Community
In July of this year, the world was shocked by a major IT incident caused by an update from the cybersecurity firm CrowdStrike. A wrong patch led to a global IT outage, affecting 8.5 million Windows devices and causing the cancellation of more than 5,000 commercial airline flights. This incident also impacted hospitals, media, and banks, resulting in an estimated $1.5 billion in losses. Dubbed the "Largest IT outage in history," this event highlighted the vulnerabilities in our interconnected digital world.
While this particular incident grabbed global headlines due to its scale, massive IT outages are becoming increasingly common. As companies rely more on cloud services and many depend on the same IT software, the risk of widespread disruptions grows. Here are some notable examples of major incidents in recent years:
Atlassian JIRA Outage (April 2022): Atlassian is used by many major corporations for managing their IT departments (via software like JIRA, Confluence and ServiceDesk). A wrong "Delete" script removed data for several hundred major customers. Due to the complexity of the issue, it took several weeks to fully restore service for all impacted accounts.
Amazon Web Services (AWS) Outages: AWS, the market leader in cloud services, has experienced significant outages almost yearly, affecting countless businesses due to its vast user base. Some examples of recent AWS outages can be found on "https://www.datacenterknowledge.com/outages/a-history-of-aws-cloud-and-data-center-outages".

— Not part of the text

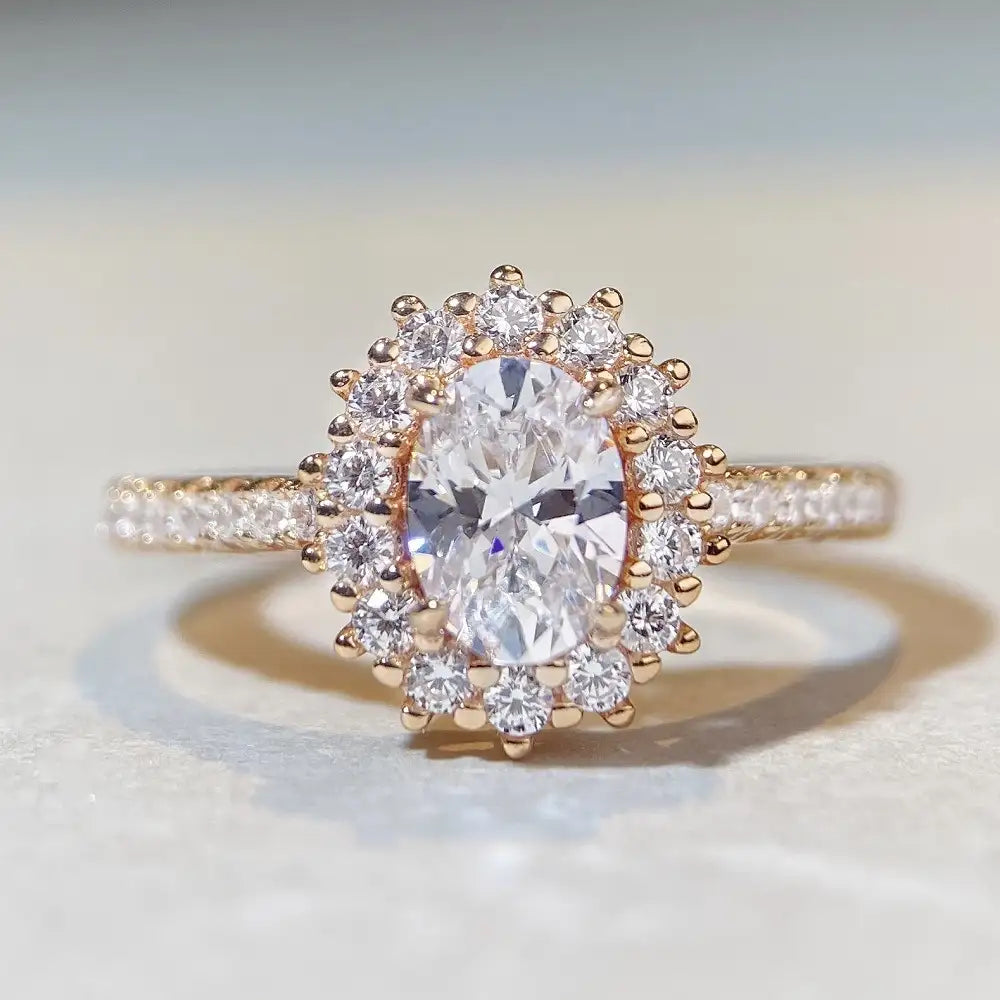 Pavé diamonds: The surrounding pavé diamonds are dazzling, complementing the central main stone, increasing the overall gloss of the ring.

Facebook (META) Outage (October 2021): A routine maintenance error caused a global shutdown of Facebook’s services for 6-7 hours. The incident was triggered by a simple command mistake during a capacity check.

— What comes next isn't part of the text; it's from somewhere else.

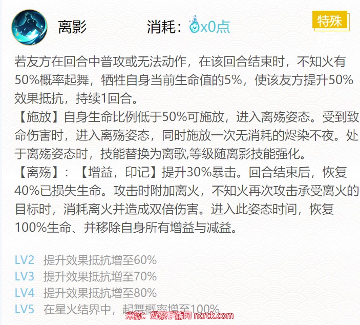 技能二:离影(0火)

Fastly Outage (June 8, 2021): A minor setting change by a customer activated a dormant bug, causing major websites like The New York Times and CNN to go dark for nearly an hour.
Google Outage (December 14, 2020): Google’s authentication system ran out of storage, leading to a 45-minute outage affecting Gmail, YouTube, and Google Drive.
These incidents demonstrate how interconnected and dependent modern organizations are on cloud services and internet infrastructure. They also show the profound impact small human errors at these companies can have. Due to their scale, the economic losses from these outages are enormous.
Businesses should be aware of their enormous dependence on IT and how a single human error can have severe impacts. Especially in the financial services industry, which is not only critical for the worldwide economy but also enormously dependent on IT, this risk is enormous and should be mitigated. This is where resilience comes into play. Building a resilient organization and resilient systems is a must-have for every financial institution. This resilience must be implemented at all levels of the organization: business, operational, and technical resilience.
This is done by identifying all points of failure and taking measures to ensure the impact of each failure is minimized. The complexity lies, of course, in the fact that this list of points of failure within a large organization like a bank is enormous. It is therefore essential to focus first on the points of failure that have the highest risk value, calculated by multiplying the probability of failure by the cost when such a failure occurs.
In IT, failures can be categorized into three large categories depending on their origin:
Hardware failures: Physical malfunctions of hardware components.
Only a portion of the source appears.